It’s the season for Coachella — and shortly after that, of Lightning in a Bottle, BottleRock, Bonnaroo, Pitchfork, Lollapalooza, Warped Tour, Arroyo Seco, Outside Lands, and others. What these festivals have in common, besides acts with publicists and oceans of people peaking on whatever the hell was even in that pill, is that almost every set consists of approachable music in a pop idiom. They’re fun, no question, but even the strangest undercard performers don’t deviate too far.
So it’s welcome news that a completely different kind of festival — one with way fewer Heineken wristbands or co-branded apparel — makes its U.S. debut here in the Bay Area next month. MUTEK.SF takes over nine venues from May 3-6, including Bimbo’s, Heron Arts, The Midway, Gray Area Grand Theatre, the California Academy of Science, with live electronic music, art and audiovisual installations, and more. The lineup, already announced, includes figures who will be familiar to local fans, such as Bézier and Jackie House — alter egos of two Honey Soundsystem DJs, and Oakland’s Russell E.L. Butler. They’ll perform along with other internationally renowned acts such as Moritz von Oswald of Basic Channel and Rhythm & Sound— who’s making his North American solo live premiere — Matias Aguayo, and Aux 88.
Cadie Desbiens, a Montreal artist who performs with Greg Debicki as Woulg & Push 1 Stop, is a creative coder who makes visual and interactive designs, including Interpolate, in which “sound and visuals are super-connected, and all done in real-time.
“It’s really geeky,” she laughs, adding. “I’m also one of the only women.”
That will change. Presented in part through efforts by the Consulate General of Canada in San Francisco, the Consulate General of France in San Francisco, and the Consulate General of Mexico in San Francisco, MUTEK is also a project of Keychange, a British initiative that aims to see gender parity among festival acts by 2022.
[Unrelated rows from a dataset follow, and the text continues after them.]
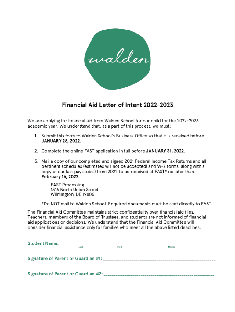 Financial Aid Letter of Intent 20222023 We are applying for financial aid from Walden School for our child for the 20222023 academic year. We understand that, as a part of this process, we must: 1.
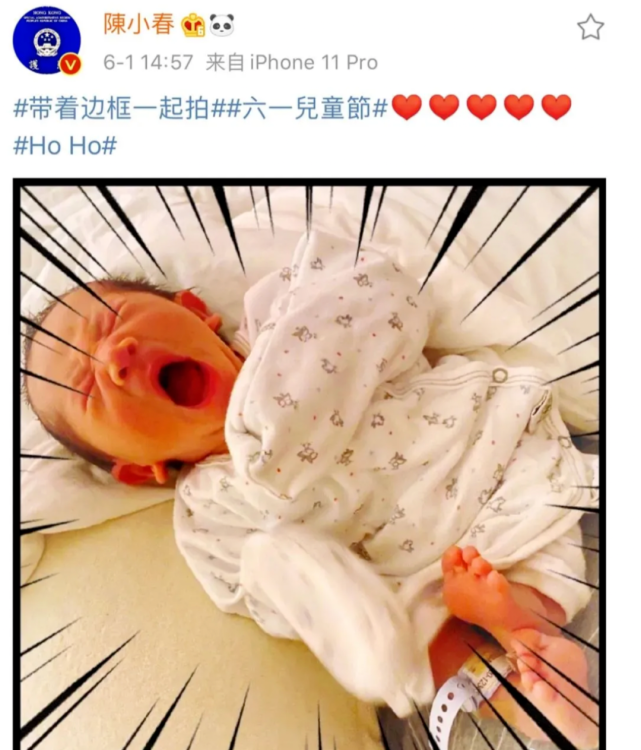 去年儿童节,陈小春微博晒出二胎儿子的照片,Jasper终于当哥哥了。
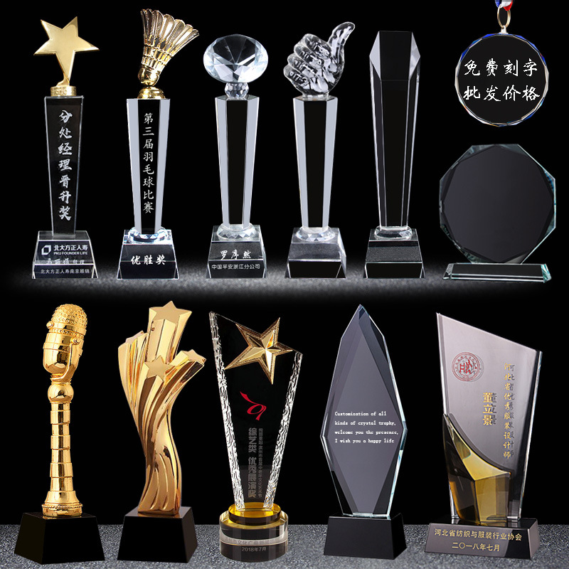 创意新款水晶奖杯奖牌定制五角星羽毛球篮球校运动会公司比赛颁奖
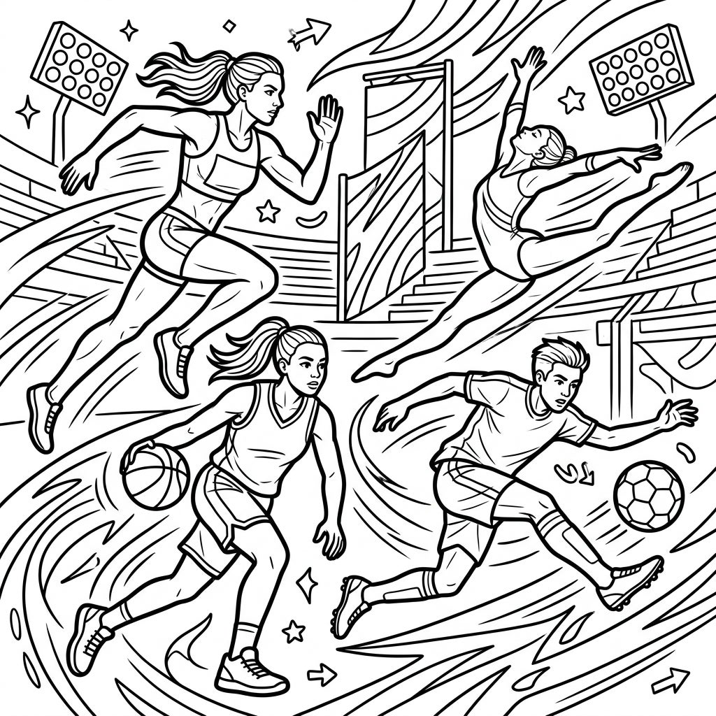 This captivating coloring page brings the energy of the sports arena right to your fingertips. Featuring four distinct athletes, you'll find a powerful runner mid-stride, a graceful gymnast soaring through the air, a focused basketball player dribbling with precision, and an agile soccer player in action. Each figure is rendered in clear, bold lines, surrounded by swirling motion effects and subtle stadium backdrops, creating a sense of exhilarating movement.
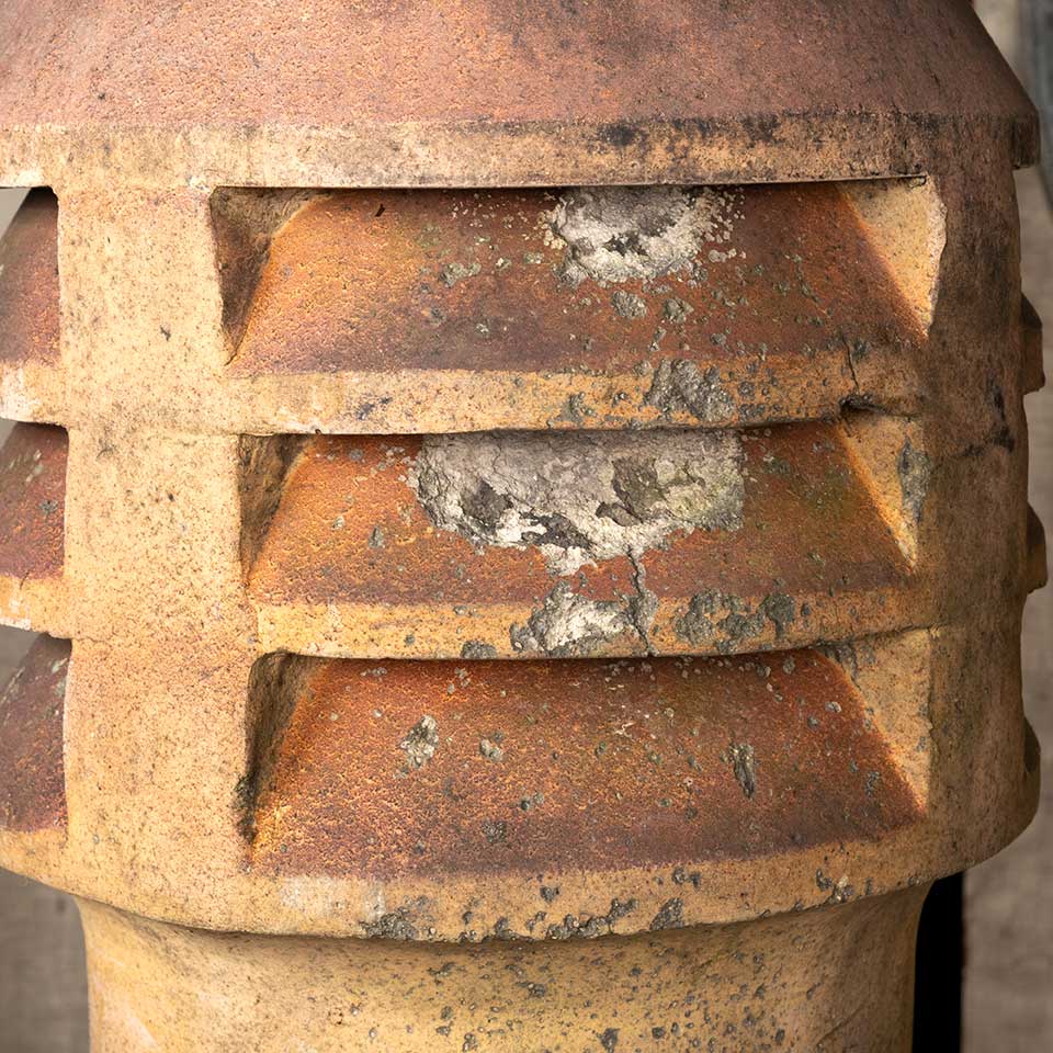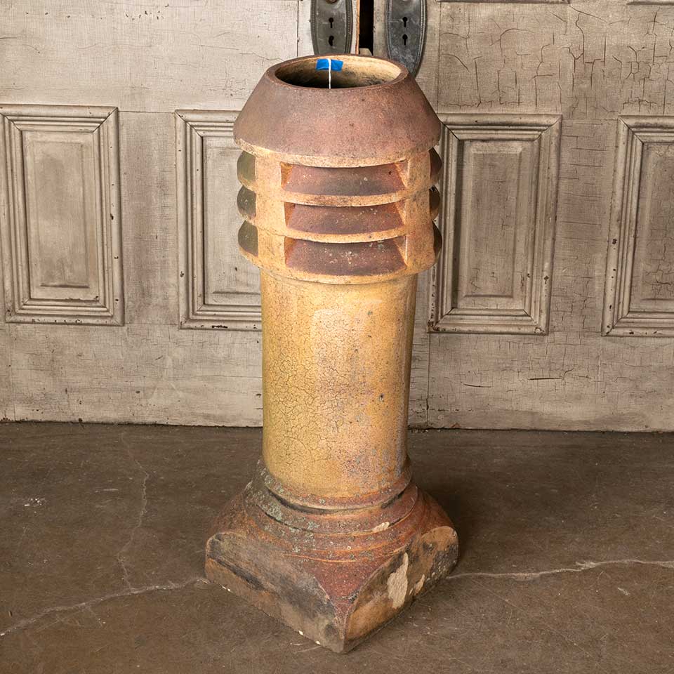 Architectural salvage antique terra cotta louvered top chimney pot measuring approx. 35" tall x 12 1/2" in diameter with a 13" square base. Chimney pots make great garden ornaments! See photos to evaluate condition.
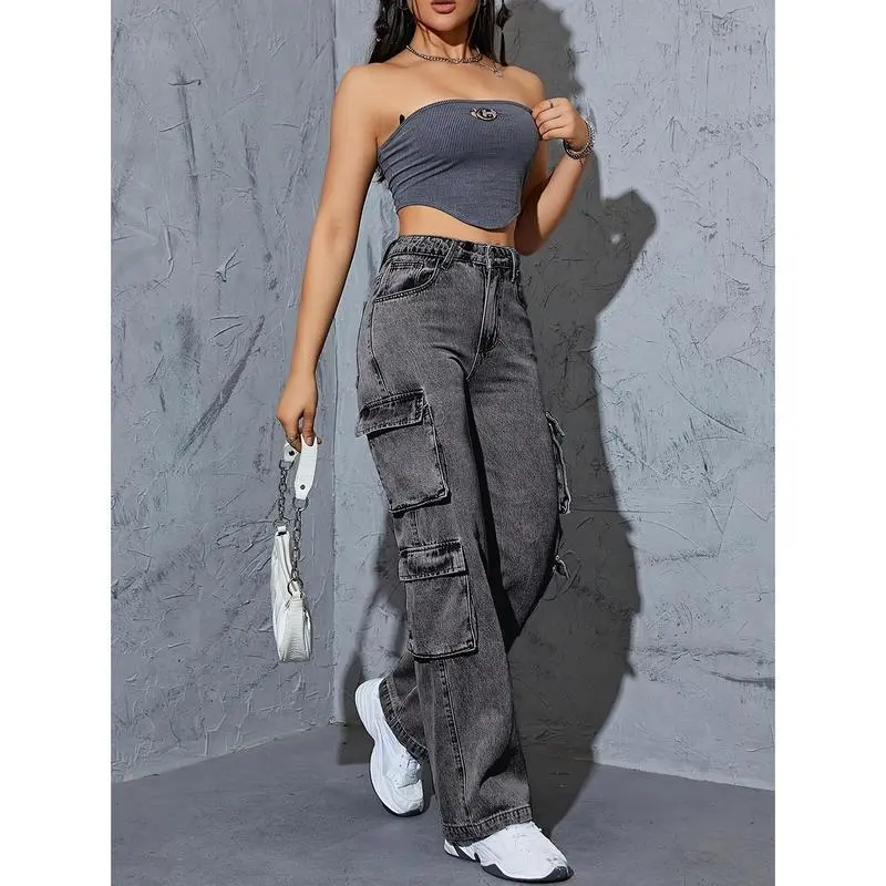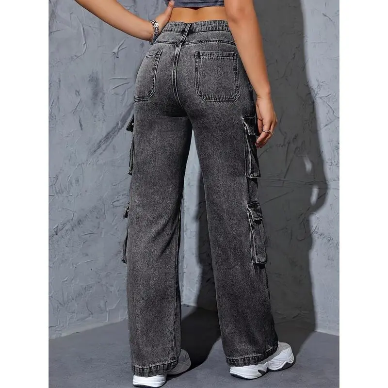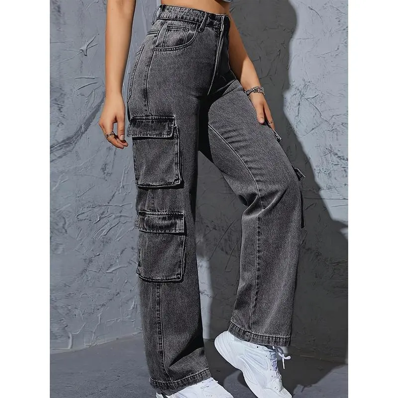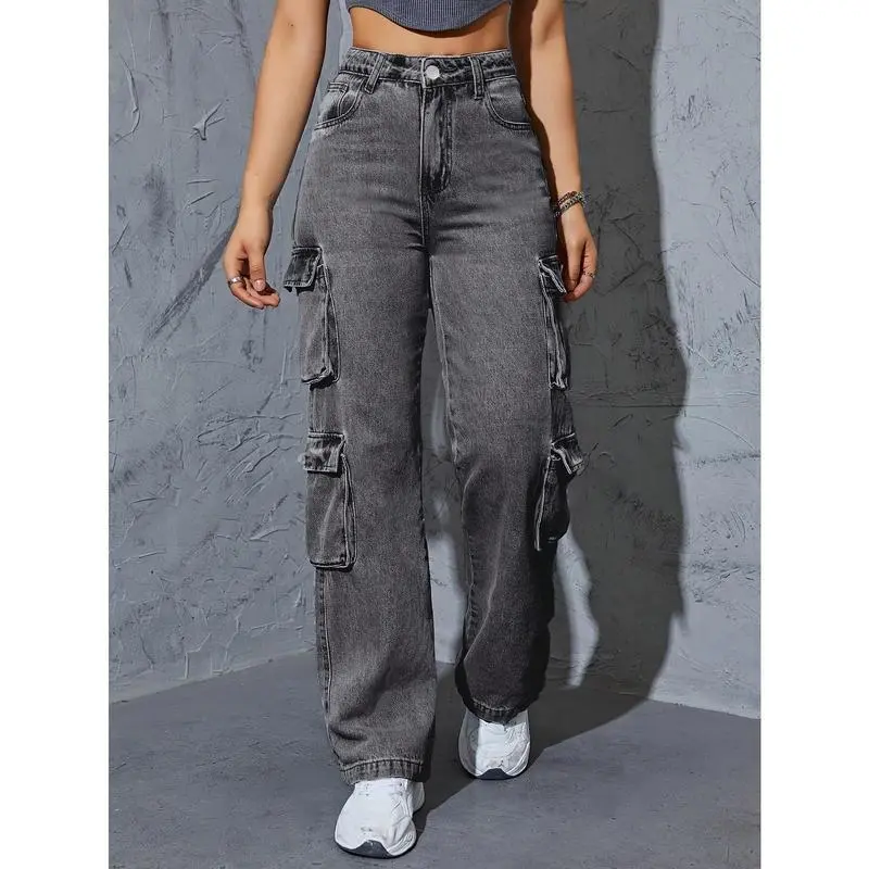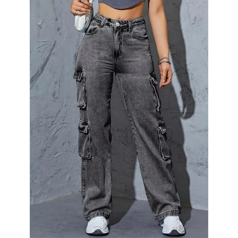 Women's high top multi pocket work pants jeans, dark gray washed straight leg jeans, elastic and loose, suitable for casual style, suitable for casual wear
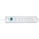 3 meter forlængerledning med stikprop, monteret på stikdåse med 6 runde stikproppe med jord. Stikdåsen har afbryder.
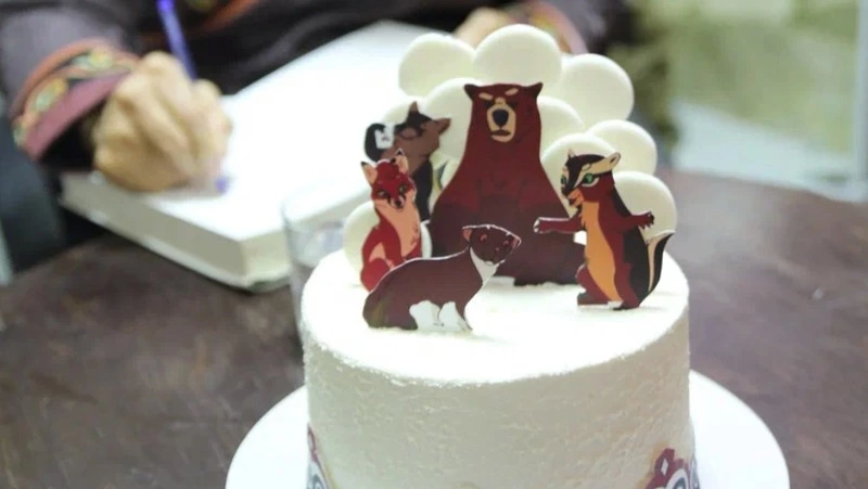 От имени музея книги Чехова Владимиру Санги вручили цветы и необычный подарок — торт, украшенный фигурками героев сказки «Бурундук ищет друга».
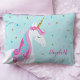 Este travesseiro apresenta um belo e branco design unicórnio arco-íris com estrelas e falso brilho dourado num fundo de aqua pastel. Personalize-o com um nome.

To keep things organized, MUTEK.SF has are four separate tracks. Digi Lab comprises panel discussions and technical ed, while A/Visions presents audiovisual works and Nocturne is the clubbier offshoot. Lastly, there’s Experience, the series of “mixed indoor-outdoor programming in a day-into-night setting.”
Desbiens’ work falls under A/Visions, where she and Debicki will have between half an hour and an hour at Gray Area to present their work. The atmosphere will be closer to a standard concert performance than an outdoor tent with a party vibe.
“We deal with the experimental, so it fits well in a theater where you can present the visual and the sound,” she says. “It’s a bit more intellectual, I would say. I’ve always wanted to have nights where it’s techno party nights and nights where it’s more ambient music or drone music and you can really meditate with it, plus other nights with video where you can really sit and appreciate something that’s really grandiose. Some artists have pretty big installations with lasers.
“We need to be in a theater,” she adds. “What I really like about MUTEK is that every night is different, for sure. But there’s always some rules: One is to have these high-standards visual programming and the other is ti have local artists.”
So the Japanese and Mexican iterations had very different lineups, with acts that might not otherwise easily gain international exposure easily.
“It’s very well-curated, you’ll see,” she says.
And if you think, well, this is an entirely different animal than the standard summertime festivals circuit, Desbiens reveals at the end of our phone call that she’s at a certain polo ground in Indio, Calif., where it’s normally very hot — but as a Canadian, she thinks in Celsius.
“It’s wonderful here,” she says. “It’s like 38 degrees at the moment.”